Material provided >>
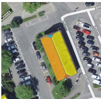
Für alle Gebäude in Stansstad (hier die Sust) können die «Solardaten» abgerufen werden.

oder was eine Solaranlage am entsprechenden Standort ungefähr kosten würde. Gibt man als Beispiel die Stansstader Sust ein (wo jedoch eine entsprechende Anlage aus Denkmal-
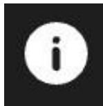
Imagine 8: butonul INFO
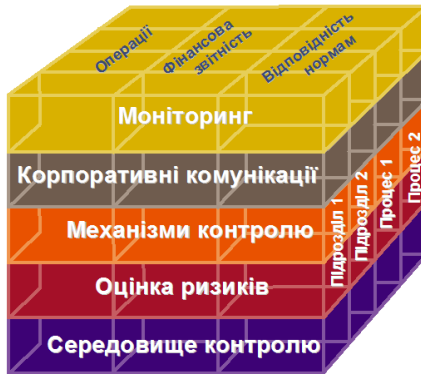
Рис. 3 – Куб COSO

представлена у вигляді кубу, звідки вона і дістала свою назву “COSO Куб” (рис. 3).
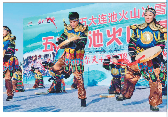
冬捕活动祭湖仪式。
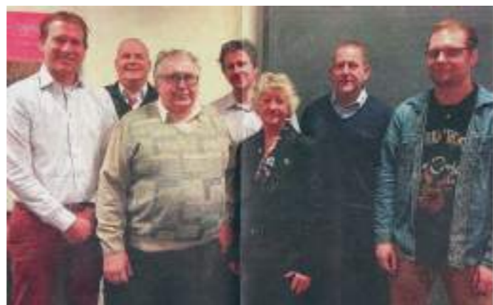
De zeven voorzitters van de lokale omroepen die samen streekomroep De Nieuwe Hanze vormden.
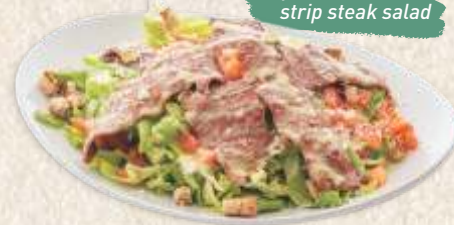
рамстек салата strip steak salad

- tomato, cucumber, pepper, red onion, olives, cheese, oregano, olive oil -

Task goal >> No pictures belong in the copy; quote exactly the lines from the line containing "De zeven voorzitters" through the final line of the material, both ends included.

Task solution >>
De zeven voorzitters van de lokale omroepen die samen streekomroep De Nieuwe Hanze vormden.
рамстек салата strip steak salad

- tomato, cucumber, pepper, red onion, olives, cheese, oregano, olive oil -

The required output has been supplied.